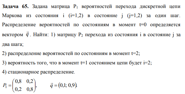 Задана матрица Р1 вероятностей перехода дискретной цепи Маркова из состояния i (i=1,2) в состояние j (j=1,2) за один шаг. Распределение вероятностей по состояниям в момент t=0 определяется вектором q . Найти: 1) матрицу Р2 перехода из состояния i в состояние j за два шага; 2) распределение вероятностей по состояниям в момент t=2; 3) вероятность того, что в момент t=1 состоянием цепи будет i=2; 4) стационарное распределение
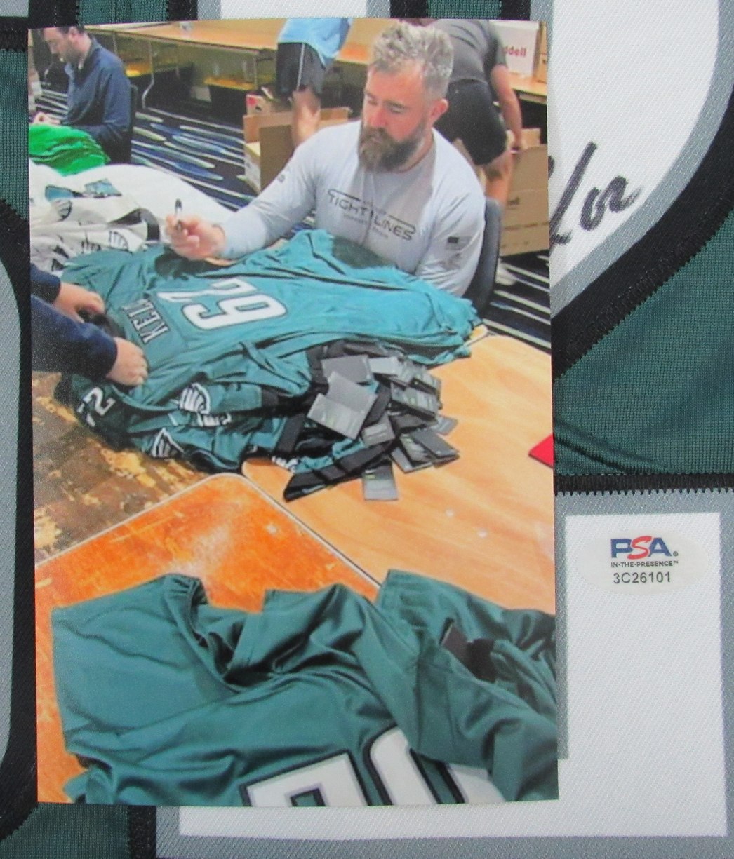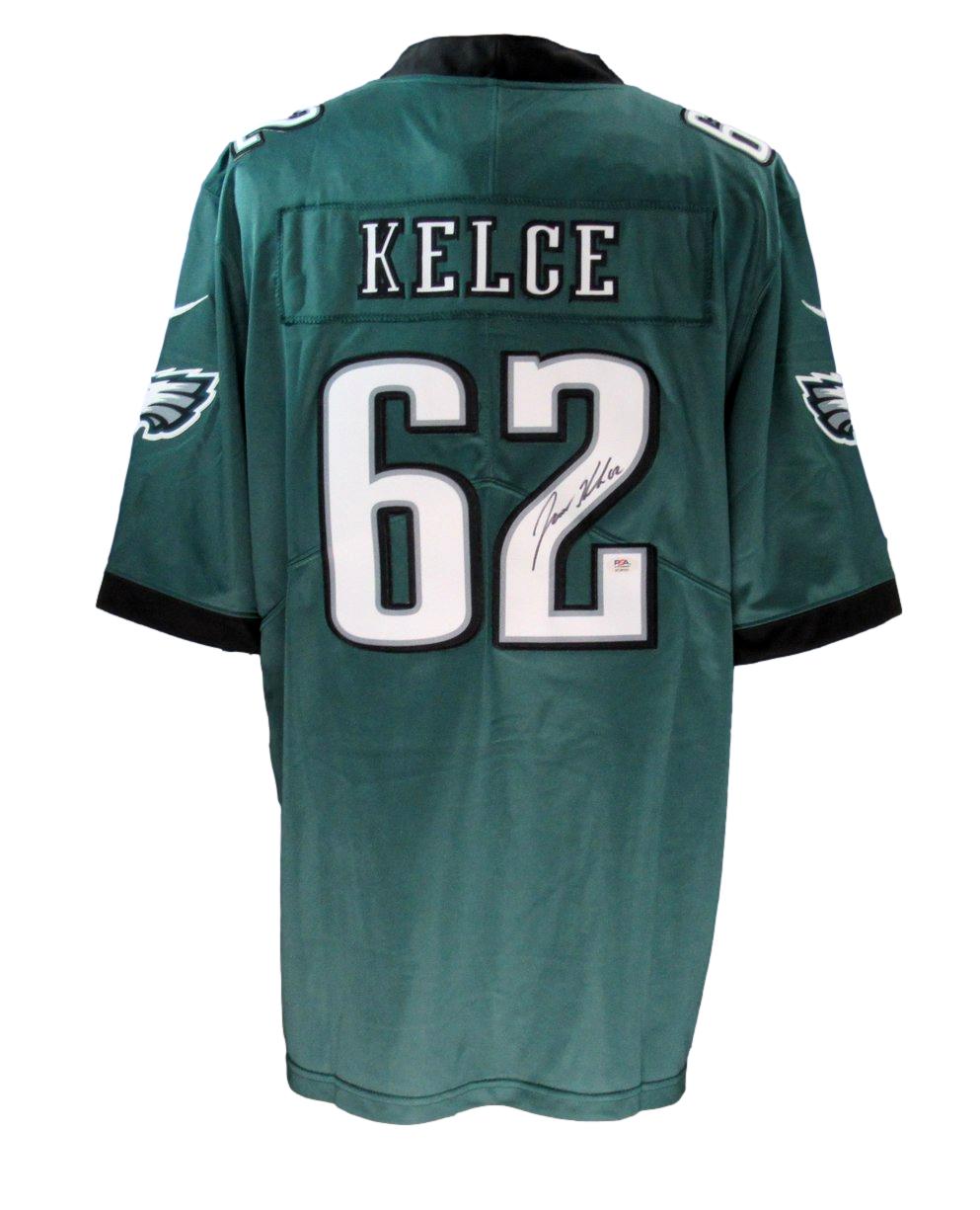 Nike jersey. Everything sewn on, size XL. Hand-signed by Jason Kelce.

▬▬▬▬▬▬▬▬▬▬

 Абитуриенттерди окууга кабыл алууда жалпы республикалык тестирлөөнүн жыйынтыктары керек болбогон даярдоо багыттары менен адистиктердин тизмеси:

▬▬▬▬▬▬▬▬▬▬

→ WORK ORDER
In the listing above, find the line with "Задана матрица Р1" and the line with "Nike jersey. Everything". Output both, plus every line between them, and no pictures.

→ COMPLETED TASK
 Задана матрица Р1 вероятностей перехода дискретной цепи Маркова из состояния i (i=1,2) в состояние j (j=1,2) за один шаг. Распределение вероятностей по состояниям в момент t=0 определяется вектором q . Найти: 1) матрицу Р2 перехода из состояния i в состояние j за два шага; 2) распределение вероятностей по состояниям в момент t=2; 3) вероятность того, что в момент t=1 состоянием цепи будет i=2; 4) стационарное распределение
 Nike jersey. Everything sewn on, size XL. Hand-signed by Jason Kelce.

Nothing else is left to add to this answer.